KAPAK-DOSYASI-KAYA-TURKMEN-3
KKTC Cumhurbaşkanı Ersin Tatar ve Türkiye’nin Lefkoşa Büyükelçisi Metin Feyzioğlu bu yılın Nisan ayında, yapımı devam eden KKTC Cumhurbaşkanlığı Sarayı ve Cumhuriyet Meclisi külliyesi inşaatını ziyaret etti.

Birçok ciddi ekonomik düşünce kuruluşunun KKTC’yi ekonomik bakımdan kendine yeterli, sağlıklı ve sürdürülebilir bir yapıya kavuşturmak için neler yapılması gerektiğini inceleyen ve önerilerde bulunan değerli raporları var. Bu raporlar öncelikle devletin küçültülmesi, kamuda istihdamın sınırlan­ması ve cari harcamalarının kısılması, özelleştirmenin yaygınlaştırılması, doğru teşvik politikalarıyla rekabet gücü olan sektörlerin desteklenmesi gerektiği konusunda görüş birliği içinde.

Türkiye’den onca nüfus ta­şınmasına rağmen bugün dahi KKTC’nin nüfusu Eskişehir’in Odunpazarı ilçesinden fazla de­ğil. Madem Kıbrıs bir millî dava, ya kesenin ağzı açılıp Ada’nın kuzeyi bir Hongkong’a, Tayvan’a, Monako’ya dönüştürülmeli ya da Kıbrıslının her alanda önünü açan uygun strateji ve politika­larla Ada’da sağlıklı ve sürdü­rülebilir bir yapının oluşması sağlanmalıydı.

Bunların ikisi de yapılmadı ve Kuzey Kıbrıs’ta bir Türk dev­letinin kurulduğu tarihten bu yana geçen 50 yıl içinde, gerek Ankara’daki gerek Lefkoşa’daki yönetimler -bugünkü statüko­nun geçici olduğu inancıyla olsa gerek- siyasette de ekonomide de günü kurtarmaya yönelik, palyatif tedbirlerle idare-i maslahat ettiler.

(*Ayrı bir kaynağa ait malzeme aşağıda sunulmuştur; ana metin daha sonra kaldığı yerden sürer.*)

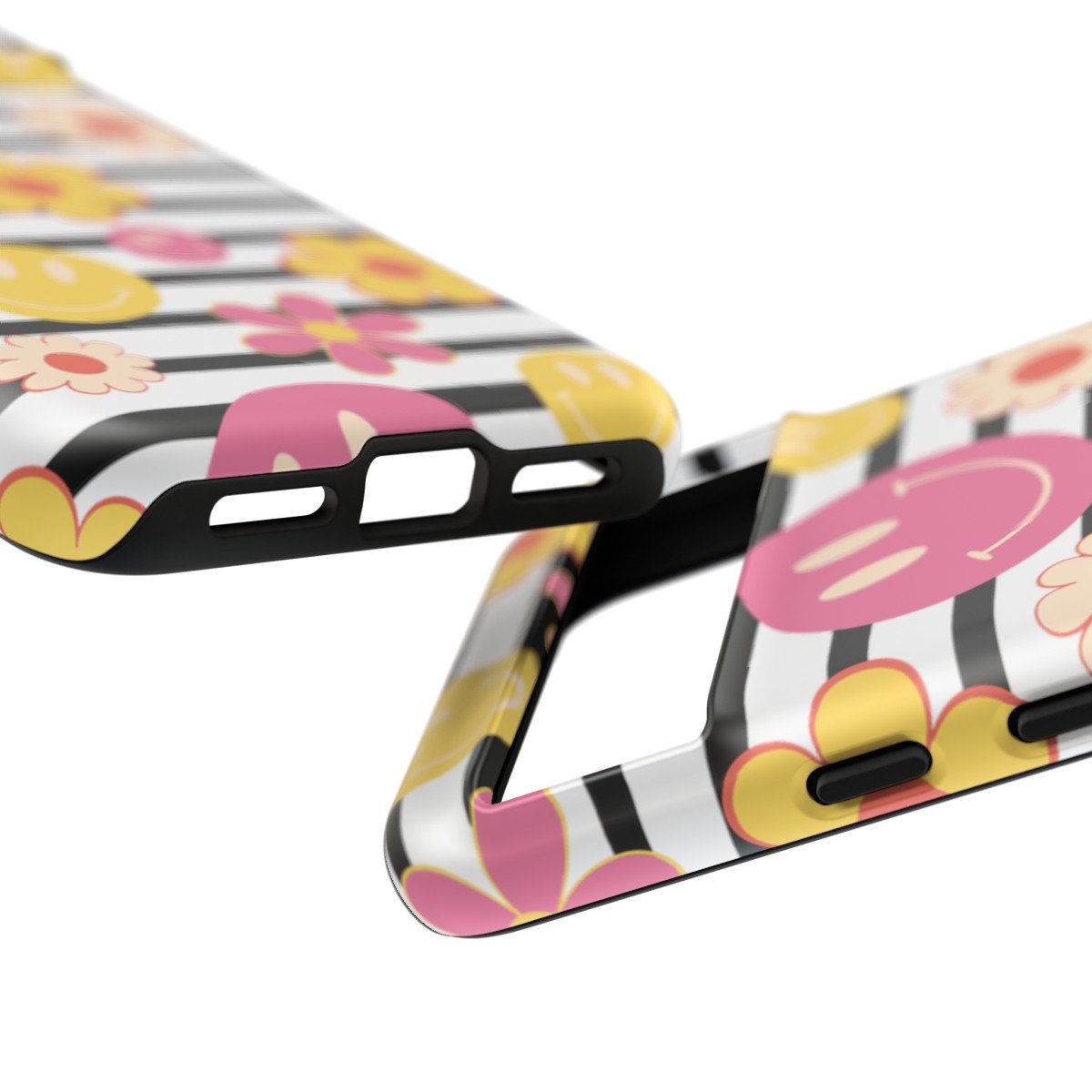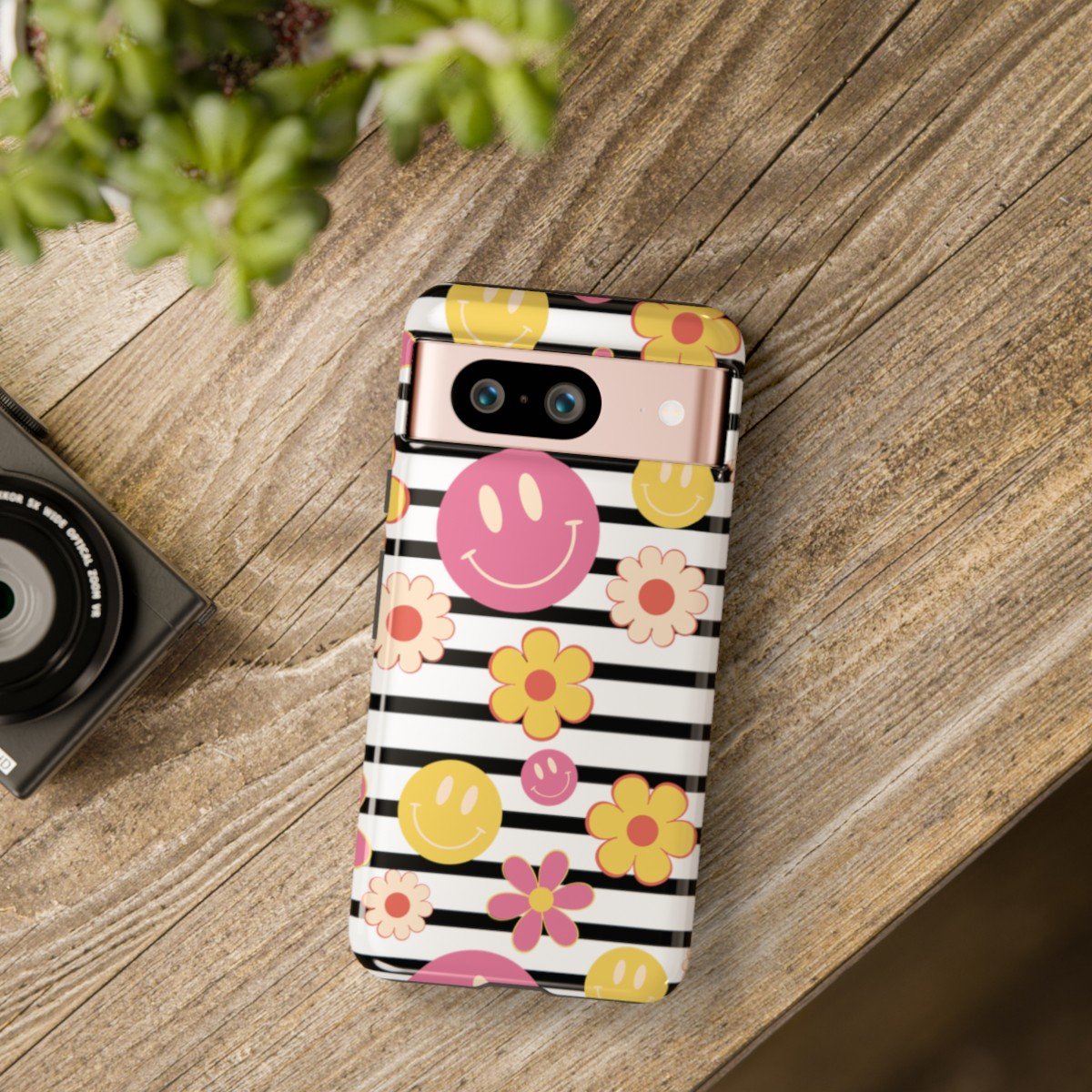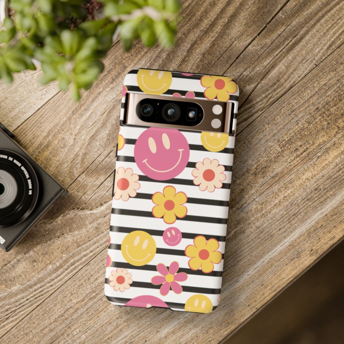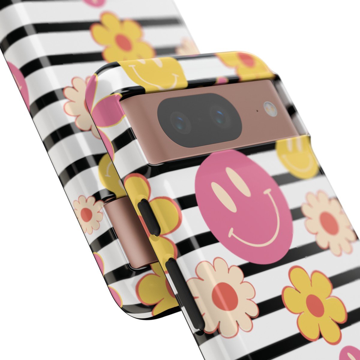 Black and White Stripes with Yellow and Pink Smileys and Retro Flowers  – Google Pixel 5 6 7 8 – Cell Phone – Tough Cases.

Yıldönümleri, oturup düşün­me-muhasebe yapma zamanla­rıdır. Ortada bir başarı hikayesi olmadığına göre, Ankara ve Lef­koşa bu 50. yıldönümü vesilesiyle kafa kafaya verip nerede hata yaptık diye sorgulamalıdır.

KAPAK-DOSYASI-KAYA-TURKMEN-2
1977’de Kıbrıs sorununun 2 bölgeli federasyon temelinde çözümlenmesini öngören anlaşmayı imzalayan Rauf Denktaş ve Makarios. Ortadaki kişi 1972 ve 1982 yılları arasında 2 kez Birleşmiş Milletler Genel Sekreteri olan Kurt Waldheim.